Change UseTTCharmapUnicode to prefer MSSymbol

Prior to "Treat all Unicode character maps like MSUnicode" [0] only the
cmap(3,1) (Windows,Unicode BMP) was considered as Unicode. After that
change, all Unicode cmaps like cmap(0,*) (Unicode,*) are considered as
Unicode. This fixes a number of issues with embedded fonts that do not
have a cmap(3,1).

However, this caused a regression in the case of embedded fonts with
Unicode cmap that isn't cmap(3,1) which also have a cmap(3,0)
(Windows,Symbol). In this case the Unicode cmap is now chosen over the
Symbol cmap. The Symbol cmap has special rules to augment the cmap as
well as special rules around converting to Unicode which will not be
applied to a Unicode cmap.

This changes the rule to prefer cmap(3,1) as before, then any other
Unicode cmap so long as there is no cmap(3,0).
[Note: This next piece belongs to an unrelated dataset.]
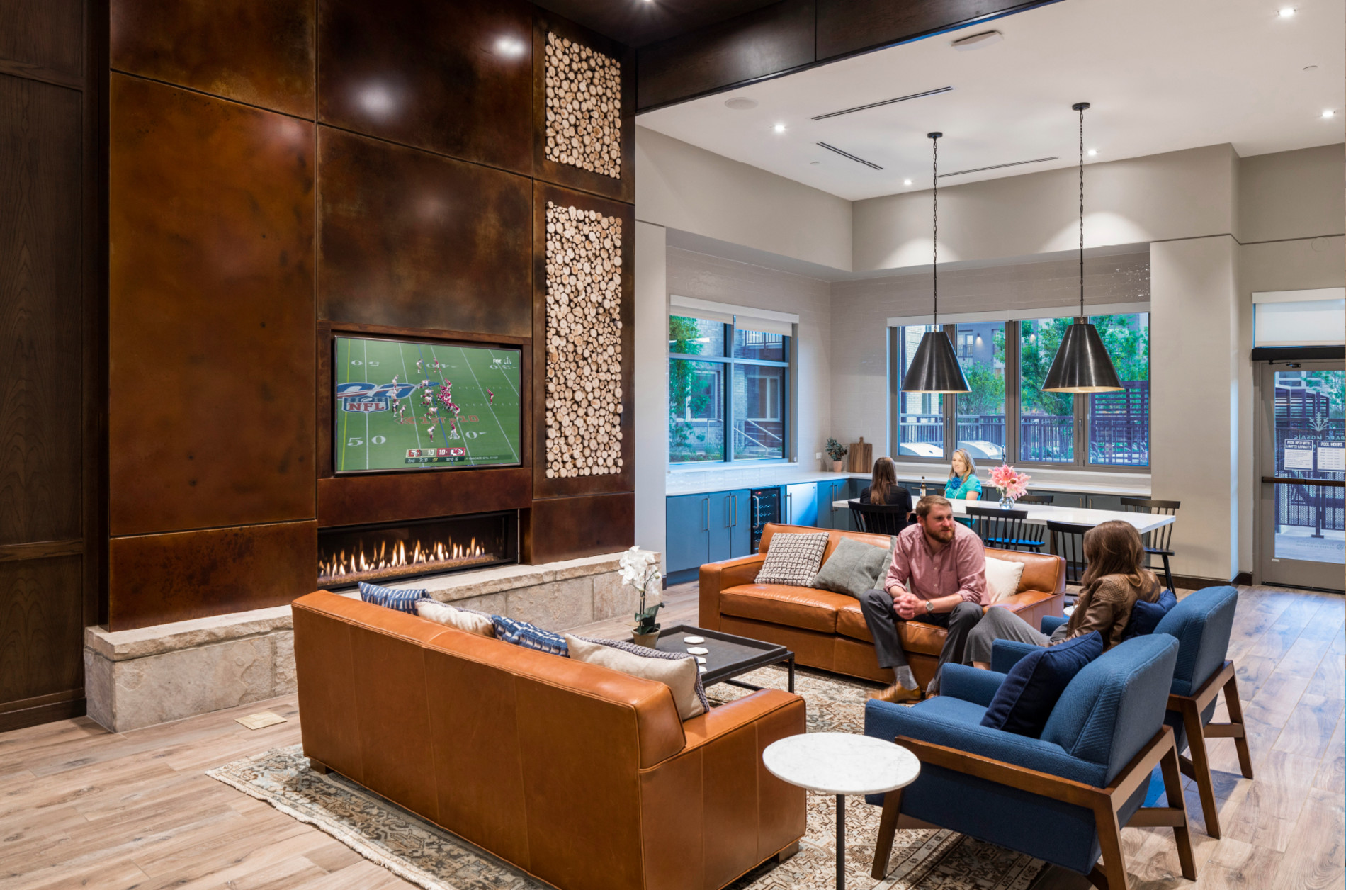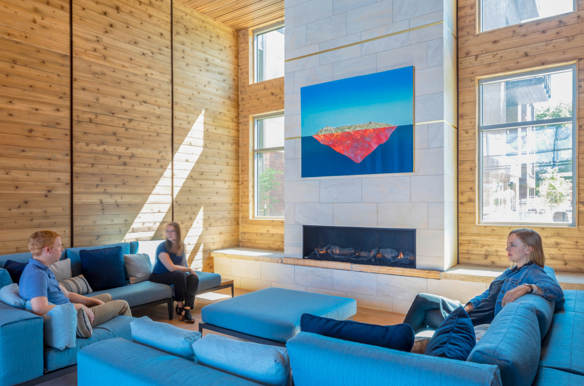 The LEED Gold-certified project features 226 apartments in a variety of sizes and configurations. Ten "outdoor rooms" throughout the property—each with a different ethos and amenity—extend the living space for residents.

This restores the
previous behavior while still using Unicode cmaps when they are
available.

[0] https://pdfium.googlesource.com/pdfium/+/5da0e90faa40079145dc146f70bf186d3ad5e93f

Bug: 438810722
Change-Id: I247bb739fcb39b177923a7d4f3821df70dbca4fe
Reviewed-on: https://pdfium-review.googlesource.com/c/pdfium/+/135030
Reviewed-by: Lei Zhang <thestig@chromium.org>
Commit-Queue: Ben Wagner <bungeman@google.com>
Reviewed-by: Ben Wagner <bungeman@google.com>
diff --git a/core/fpdfapi/font/cpdf_font.cpp b/core/fpdfapi/font/cpdf_font.cpp
index 9a98f3b..bd60942 100644
--- a/core/fpdfapi/font/cpdf_font.cpp
+++ b/core/fpdfapi/font/cpdf_font.cpp
@@ -34,6 +34,7 @@
 #include "core/fxge/cfx_fontmapper.h"
 #include "core/fxge/cfx_substfont.h"
 #include "core/fxge/fx_font.h"
+#include "core/fxge/fx_fontencoding.h"
 
 namespace {
 
@@ -429,11 +430,29 @@
 }
 
 bool CPDF_Font::UseTTCharmapUnicode(const RetainPtr<CFX_Face>& face) {
+  size_t charmap_unicode_index = 0;
+  bool charmap_unicode_found = false;
+  bool charmap_mssymbol_found = false;
   for (size_t i = 0; i < face->GetCharMapCount(); i++) {
-    if (face->GetCharMapEncodingByIndex(i) == fxge::FontEncoding::kUnicode) {
+    const int platform_id = face->GetCharMapPlatformIdByIndex(i);
+    const int encoding_id = face->GetCharMapEncodingIdByIndex(i);
+    const fxge::FontEncoding encoding = face->GetCharMapEncodingByIndex(i);
+    if (platform_id == 3 && encoding_id == 1) {
       face->SetCharMapByIndex(i);
       return true;
     }
+    if (platform_id == 3 && encoding_id == 0) {
+      charmap_mssymbol_found = true;
+      continue;
+    }
+    if (!charmap_unicode_found && encoding == fxge::FontEncoding::kUnicode) {
+      charmap_unicode_found = true;
+      charmap_unicode_index = i;
+    }
+  }
+  if (charmap_unicode_found && !charmap_mssymbol_found) {
+    face->SetCharMapByIndex(charmap_unicode_index);
+    return true;
   }
   return false;
 }